All Eyes is a 2022 popcorn horror/comedy film written and directed by the Greenlee brothers and distributed by Gravitas Ventures. It stars Jasper Hammer as a disgraced podcast host who interviews an eccentric farmer (Ben Hall) who claims to have a monster living in the woods near his house.

Plot 
Allen (Jasper Hammer) is a disgraced podcast host who was recently fired. Looking for a story to restart his career, he learns about a widowed farmer (Ben Hall) who lives by the forest and claims there is a monster in the woods. They make a plan to capture and kill the monster.

Cast 

 Jasper Hammer as Allen
 Ben Hall as Don
 Danielle Evon Ploeger As Kim
 Nick Ballard as Mark
 Laura Cummings as Jean
 Skyler Davenport as Alice

Production 
Filmed in Hobart, Oklahoma and Altus, Oklahoma during July 2020. The film was written by Alex Greenlee and directed by Todd Greenlee. Several of the Greenlee family is listed as part of the film crew.
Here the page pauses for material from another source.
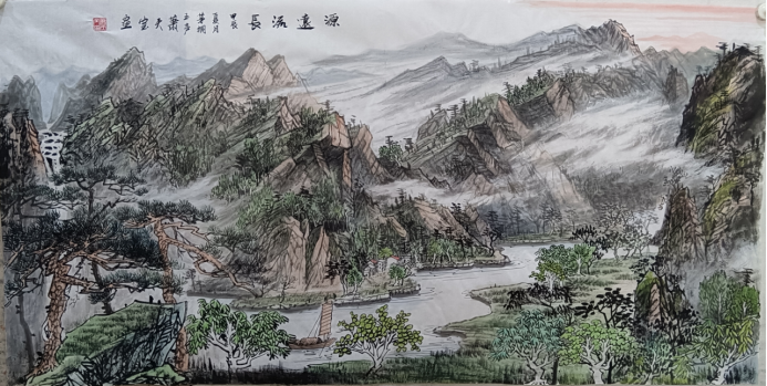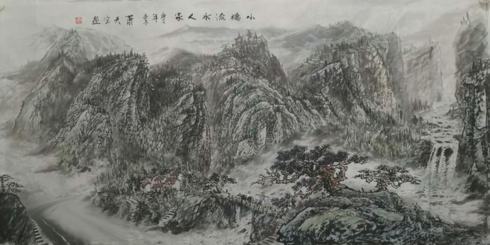 在当今中国画坛内,萧天宝先生既是一位纯粹的写意追求者,同时也是一位鲜有的精神弘道者。自耕耘艺海以来,先生始终如一,在笔墨上恪守了传统笔墨的文脉精髓,在画道上则充分延续了中国文人画“载道”的内核追求。尤其是在画坛风云变幻之际,萧天宝先生也是能立定精神,并以极其清醒的艺术自觉,构建起独具品格的山水风范。每一幅画作,都是实现了自然之道与心灵境界的双重叩问。而这种由“味象”臻于“写心”的艺术蜕变,也正是其技道并进、参悟画理真谛的明证,较于时下浮华者,实有霄壤之别!但凡山水画作,无不是贵乎天然气象,一旦刻意矫饰,则必流于匠俗气。而作为当代山水画名家,萧天宝先生笔下的山水就是自有一番天趣,是谓贯想山林真面目而流露于毫端也!在写意上,萧天宝先生自觉回归于古意,让每一幅山水画,都能成为心灵抒怀的归宿,而画中一切的山水意象,也都是源于萧天宝先生心灵与写生的双重构建。所以看他的山水画,每一幅都是气味荒寒,每一处也都是苍茫峻嶒,观之,实有一种“行到水穷处,坐看云起时”的诗韵奇趣。在画法上,萧天宝先生对“画必南宗”的取法真诠也是自有领会,尤其对宋元文人画精髓的承继最为显著。看其笔墨立意,是融工笔之精微与写意之洒脱于一炉,画面中巉岩峭壁、怒石横矶,皆以钩斫摺带等传统皴法精心构筑,既得古人法度,又见自家面貌。观其满幅经营,恍若参与天地鸿蒙之初的开辟:千峰竞秀间怒江奔涌,万壑争流处怪石嶙峋。通幅宏观纵览则见稠山密麓,细品妙处又见柳荫长堤、津渡弥弥。更有点睛之笔,如贾客扬帆,于烟波渺茫处化作淡淡遥影,令观者顿生“咫尺千里”的旷然之思!画中妙意,可游可居!清峡浮烟处,逍遥一砚中。在现代化文明的洪流裹挟下,人类精神正经历着前所未有的理性化进程,刻板思维也如同无形枷锁,禁锢着心灵的跃动。但艺术的存在,就是为了守护人性中最珍贵的感性维度——人终究不是机器,内心深处的情感境界可以被蒙蔽,但却永远不会消失。而萧天宝先生的画作,实际就是对这种精神困局的一种强烈回应。当浮华散尽,铅华褪去,萧天宝先生以一颗澄明如镜之心,终得艺术真谛的觉醒。笔墨褪尽火气而归于平淡,身心超然物外而游于林泉。及至运思挥毫时,他已悄然完成了“见山是山,见水是水”的本真彻悟……

The distributor was Gravitas Ventures.

Reception 
Alan Ng of Film Threat gave the film a score of 8.5/10, writing: "Though I found the story about the mutual admiration society between Don and Allen worth watching, the fun of All Eyes is the exciting and thrilling second half about a farmhouse full of booby traps."

Accolades
The film won four awards at various horror film tests across North America out of fifteen nominations.